[Stored data]

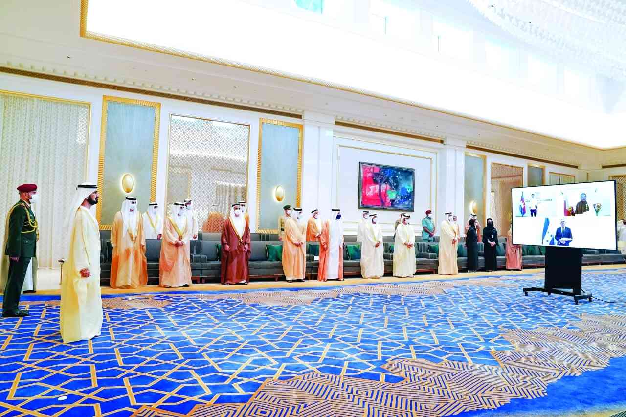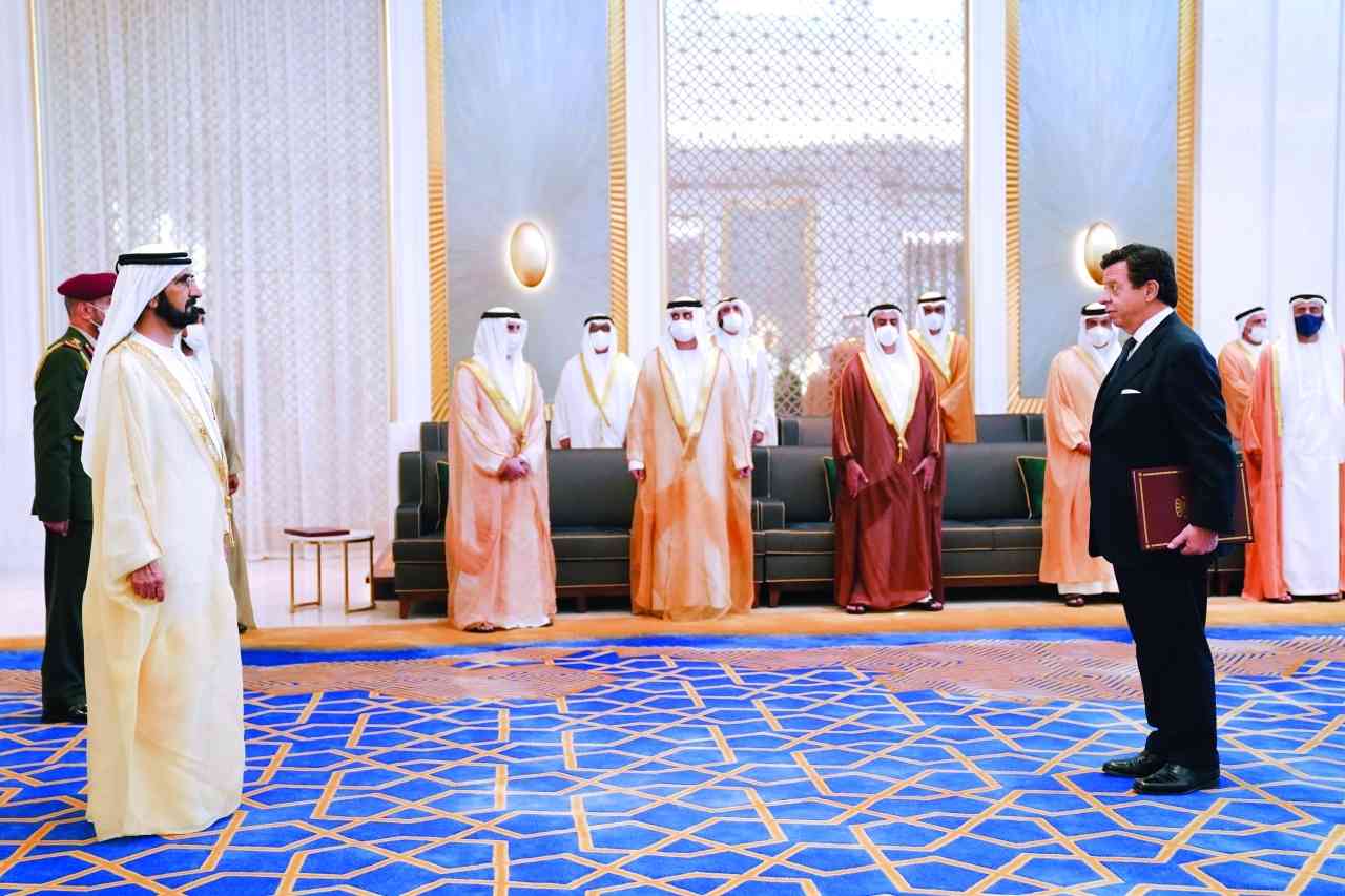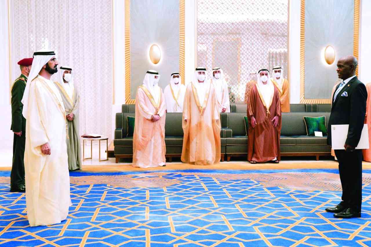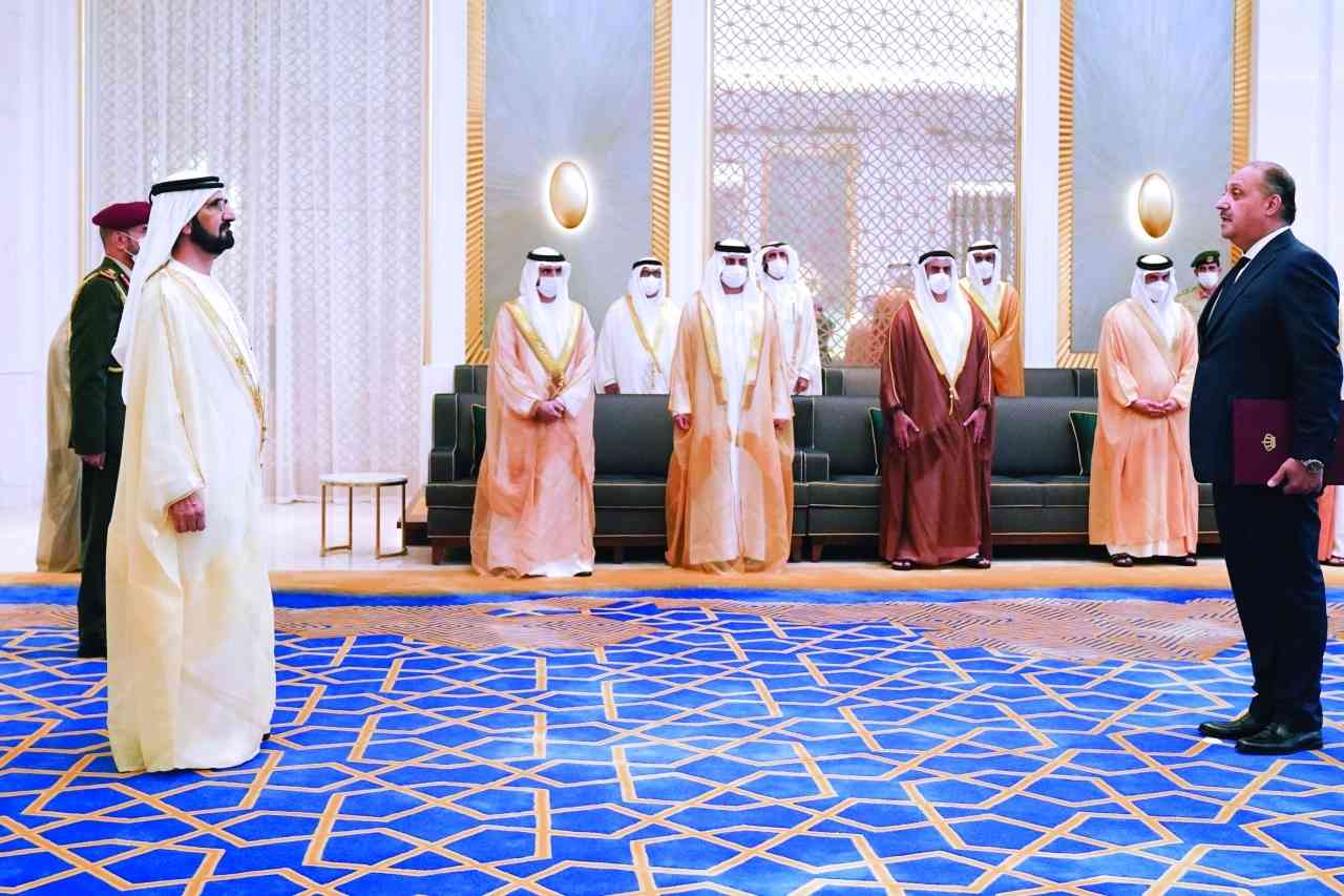 تسلّم صاحب السمو الشيخ محمد بن راشد آل مكتوم نائب رئيس الدولة رئيس مجلس الوزراء حاكم دبي، رعاه الله، بحضور سمو الشيخ حمدان بن محمد بن راشد آل مكتوم ولي عهد دبي، وسمو الشيخ مكتوم بن محمد بن راشد آل مكتوم نائب حاكم دبي، نائب رئيس مجلس الوزراء، وزير المالية، والفريق سمو الشيخ سيف بن زايد آل نهيان نائب رئيس مجلس الوزراء، وزير الداخلية، وسمو الشيخ منصور بن زايد آل نهيان نائب رئيس مجلس الوزراء، وزير شؤون الرئاسة، وسمو الشيخ عبد الله بن زايد آل نهيان وزير الخارجية والتعاون الدولي، أوراق اعتماد سفراء عدد من سفراء الدول الشقيقة والصديقة، المُعيّنين لدى الدولة، وذلك خلال استقبال سموه لهم، في مقر إكسبو 2020 دبي.
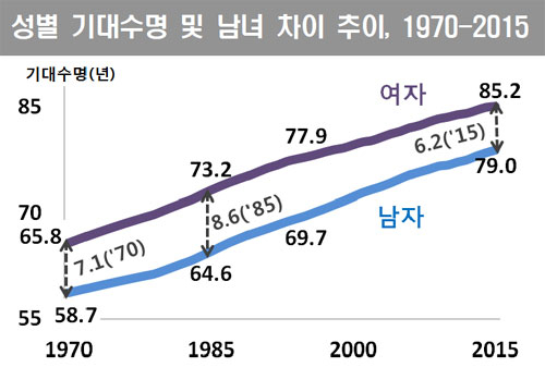 이날 통계청이 발표한 ‘2015 생명표 요약’에 따르면 2015년 출생아의 기대수명은 전체 82.1년으로 남자 경우 79년, 여자 경우 85.2년으로 나타났다. 이는 지난 2014년 대비 전체 0.3년, 남자 0.4년, 여자 0.1년이 증가한 수치다.
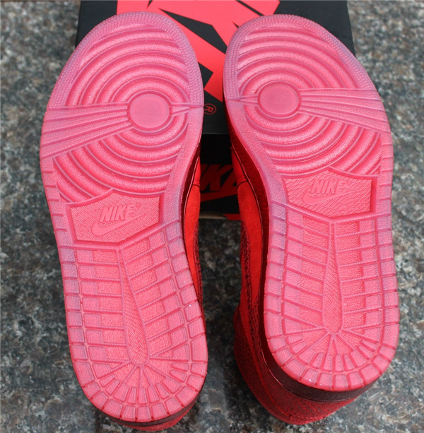 这款全红配色的 Air Jordan 1 LOTS 采用了质感上佳的麂皮和皮革拼接构成鞋面,而后跟处鞋帮和 Swoosh 则采用了蛇皮纹皮质,在搭配红色的中底和大底,整体效果抢眼并且细节完美。

[/Stored data]

▸ **What you have to do**
Copy all of the data above exactly. Leave out every picture.

▸ **Task response**
 تسلّم صاحب السمو الشيخ محمد بن راشد آل مكتوم نائب رئيس الدولة رئيس مجلس الوزراء حاكم دبي، رعاه الله، بحضور سمو الشيخ حمدان بن محمد بن راشد آل مكتوم ولي عهد دبي، وسمو الشيخ مكتوم بن محمد بن راشد آل مكتوم نائب حاكم دبي، نائب رئيس مجلس الوزراء، وزير المالية، والفريق سمو الشيخ سيف بن زايد آل نهيان نائب رئيس مجلس الوزراء، وزير الداخلية، وسمو الشيخ منصور بن زايد آل نهيان نائب رئيس مجلس الوزراء، وزير شؤون الرئاسة، وسمو الشيخ عبد الله بن زايد آل نهيان وزير الخارجية والتعاون الدولي، أوراق اعتماد سفراء عدد من سفراء الدول الشقيقة والصديقة، المُعيّنين لدى الدولة، وذلك خلال استقبال سموه لهم، في مقر إكسبو 2020 دبي.
 이날 통계청이 발표한 ‘2015 생명표 요약’에 따르면 2015년 출생아의 기대수명은 전체 82.1년으로 남자 경우 79년, 여자 경우 85.2년으로 나타났다. 이는 지난 2014년 대비 전체 0.3년, 남자 0.4년, 여자 0.1년이 증가한 수치다.
 这款全红配色的 Air Jordan 1 LOTS 采用了质感上佳的麂皮和皮革拼接构成鞋面,而后跟处鞋帮和 Swoosh 则采用了蛇皮纹皮质,在搭配红色的中底和大底,整体效果抢眼并且细节完美。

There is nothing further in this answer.